2. The method for integrally forming the array metal bumps on the surface of the LTCC substrate as claimed in claim 1, wherein the green sheet material comprises organic materials, in particular polyimide powder, polyvinyl alcohol and graphite powder.

3. The integrated forming method of the array metal bumps on the surface of the LTCC substrate of claim 2, wherein the S1 specifically comprises:

stirring and mixing polyimide powder and graphite powder uniformly, and grinding for 15-30 min by using a mortar; adding mixed powder of polyimide powder and graphite powder into 5-8 wt% concentration water solution of polyvinyl alcohol, mixing and stirring;

attaching a layer of polymer film on the surface of the cut green sheet;

4. The integrated molding method of the array metal bumps on the surface of the LTCC substrate as claimed in claim 1, wherein the aperture of the bump punching hole is 100-500 μm; the distance between the centers of adjacent holes is larger than or equal to the aperture multiplied by 2.

5. The integrated forming method of the array metal bumps on the surface of the LTCC substrate as claimed in claim 1, wherein the manner of filling the metal paste in the bump punching holes comprises:

or the like, or a combination thereof,

and filling the metal slurry into the bump punched holes through the mask.

6. The integrated molding method of metal bumps on the surface of LTCC substrate according to claim 1, wherein in step S3, the laminate is preheated in an isostatic press for 20-30 min, the isostatic pressure is 3000-3500 PSI, the isostatic temperature is 70-75 ℃, and the dwell time is 15-20 min.

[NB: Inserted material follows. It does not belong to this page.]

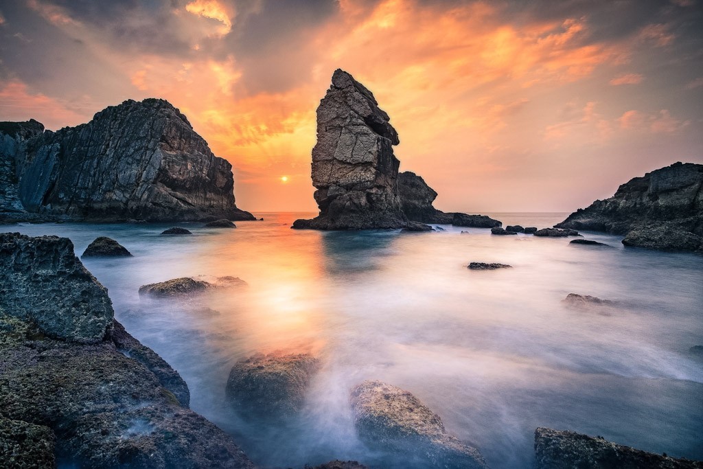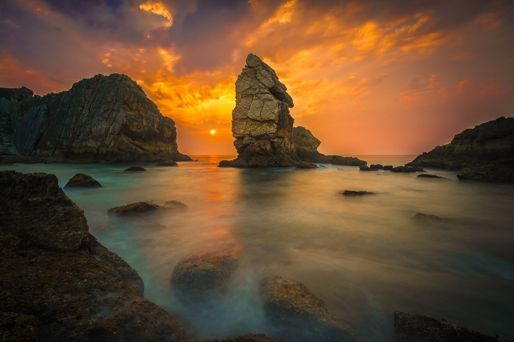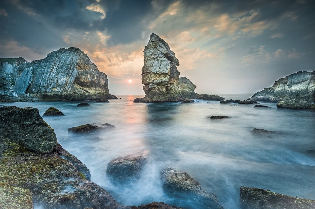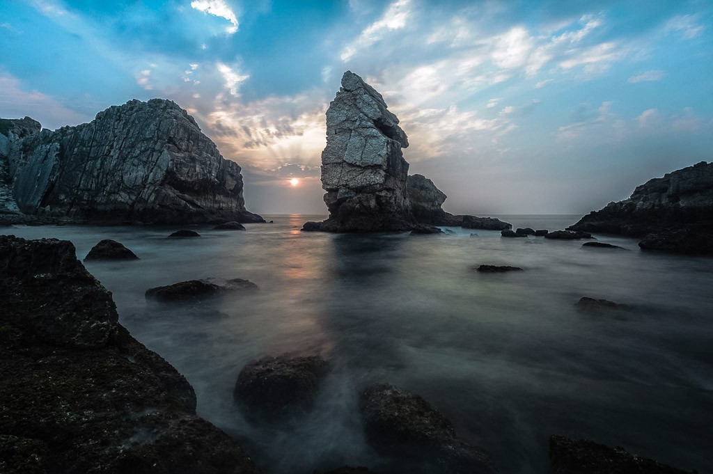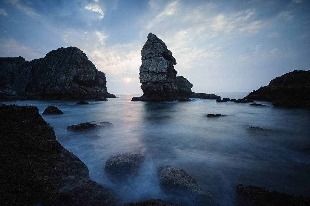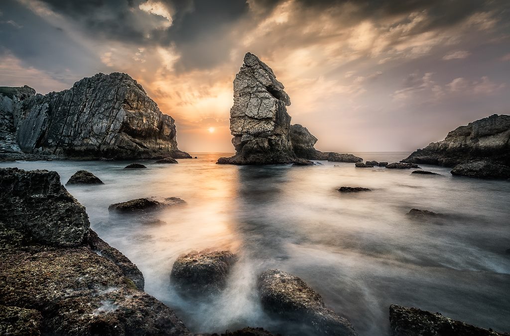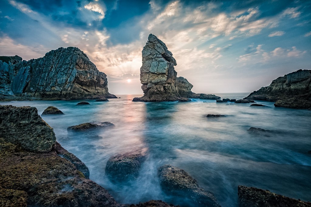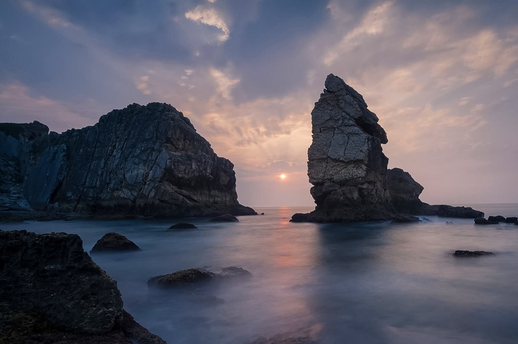 Esta semana ya os indiqué que la fotografía elegida era la que tomé en la Playa de La Arnia, un lugar espectacular para la fotografía pero que, como todos los que han ido alli armado de su arsenal fotográfico podrán corroborar, es tremendamente dificil de componer. La fotografía en sí es una típica imagen marina tomada al atardecer, cuando la marea estaba baja, pero ya subiendo. La idea inicial era realizar una muy larga exposición, (que también tengo) pero enseguida comprobé como lo que mejor funcionaba era una exposición de 1 segundo aproximadamente, ya que se podría mantener parte del dinamismo que aportaban las olas rompiendo en las rocas.

7. The integrated forming method of the array metal bumps on the surface of the LTCC substrate of claim 1, wherein the S4 specifically comprises:

8. The integrated molding method of the array metal bumps on the surface of the LTCC substrate as claimed in claim 7, wherein the temperature rise rate of the co-sintering of the integrated green body at the glue discharging stage is less than or equal to 2 ℃/min, and the temperature rise rate after the glue discharging is 5-8 ℃/min.

9. The integrated molding method of the array metal bumps on the surface of the LTCC substrate as claimed in claim 7, wherein the diameter of the metal bumps is 80-500 μm; the height of the salient point is 50-450 mu m.

10. An LTCC substrate, characterized in that the LTCC substrate is prepared by the integrated molding method of the array metal bumps on the surface of the LTCC substrate as claimed in any one of claims 1 to 9.